**Your objective:**
Within the listing below, the lines to output run from the one containing "A few hours" through the one containing "Das Haus wurde"; copy them exactly and nothing else.

**Exercise data:**
━━━━━━━━━━
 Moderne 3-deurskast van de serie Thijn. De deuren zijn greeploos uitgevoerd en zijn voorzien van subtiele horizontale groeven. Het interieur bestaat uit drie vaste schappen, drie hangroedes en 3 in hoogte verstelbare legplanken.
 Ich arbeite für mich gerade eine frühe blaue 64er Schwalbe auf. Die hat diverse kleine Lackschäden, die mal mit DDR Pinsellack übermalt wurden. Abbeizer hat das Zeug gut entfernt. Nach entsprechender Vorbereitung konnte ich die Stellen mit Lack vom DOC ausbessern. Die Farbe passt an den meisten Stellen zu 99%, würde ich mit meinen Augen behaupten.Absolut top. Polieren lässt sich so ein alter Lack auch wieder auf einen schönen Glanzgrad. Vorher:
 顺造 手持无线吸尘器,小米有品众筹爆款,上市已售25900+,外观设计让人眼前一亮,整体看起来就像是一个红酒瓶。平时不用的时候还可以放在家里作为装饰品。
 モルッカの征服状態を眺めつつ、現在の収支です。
━━━━━━━━━━
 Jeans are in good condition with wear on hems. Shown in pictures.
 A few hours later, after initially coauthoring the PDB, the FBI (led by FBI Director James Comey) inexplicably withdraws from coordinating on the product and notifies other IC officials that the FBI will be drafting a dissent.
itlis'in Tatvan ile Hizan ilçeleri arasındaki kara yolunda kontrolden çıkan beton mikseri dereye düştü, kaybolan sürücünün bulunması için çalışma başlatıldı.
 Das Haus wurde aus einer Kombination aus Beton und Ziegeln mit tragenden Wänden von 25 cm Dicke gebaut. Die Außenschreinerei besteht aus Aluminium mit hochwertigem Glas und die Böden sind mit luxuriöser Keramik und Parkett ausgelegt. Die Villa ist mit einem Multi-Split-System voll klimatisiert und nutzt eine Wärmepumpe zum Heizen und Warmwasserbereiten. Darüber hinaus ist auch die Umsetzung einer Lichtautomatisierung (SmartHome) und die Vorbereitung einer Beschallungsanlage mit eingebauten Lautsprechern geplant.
━━━━━━━━━━
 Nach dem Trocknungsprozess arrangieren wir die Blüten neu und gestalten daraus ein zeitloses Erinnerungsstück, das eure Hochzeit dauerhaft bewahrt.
━━━━━━━━━━
**Task answer:**
 A few hours later, after initially coauthoring the PDB, the FBI (led by FBI Director James Comey) inexplicably withdraws from coordinating on the product and notifies other IC officials that the FBI will be drafting a dissent.
itlis'in Tatvan ile Hizan ilçeleri arasındaki kara yolunda kontrolden çıkan beton mikseri dereye düştü, kaybolan sürücünün bulunması için çalışma başlatıldı.
 Das Haus wurde aus einer Kombination aus Beton und Ziegeln mit tragenden Wänden von 25 cm Dicke gebaut. Die Außenschreinerei besteht aus Aluminium mit hochwertigem Glas und die Böden sind mit luxuriöser Keramik und Parkett ausgelegt. Die Villa ist mit einem Multi-Split-System voll klimatisiert und nutzt eine Wärmepumpe zum Heizen und Warmwasserbereiten. Darüber hinaus ist auch die Umsetzung einer Lichtautomatisierung (SmartHome) und die Vorbereitung einer Beschallungsanlage mit eingebauten Lautsprechern geplant.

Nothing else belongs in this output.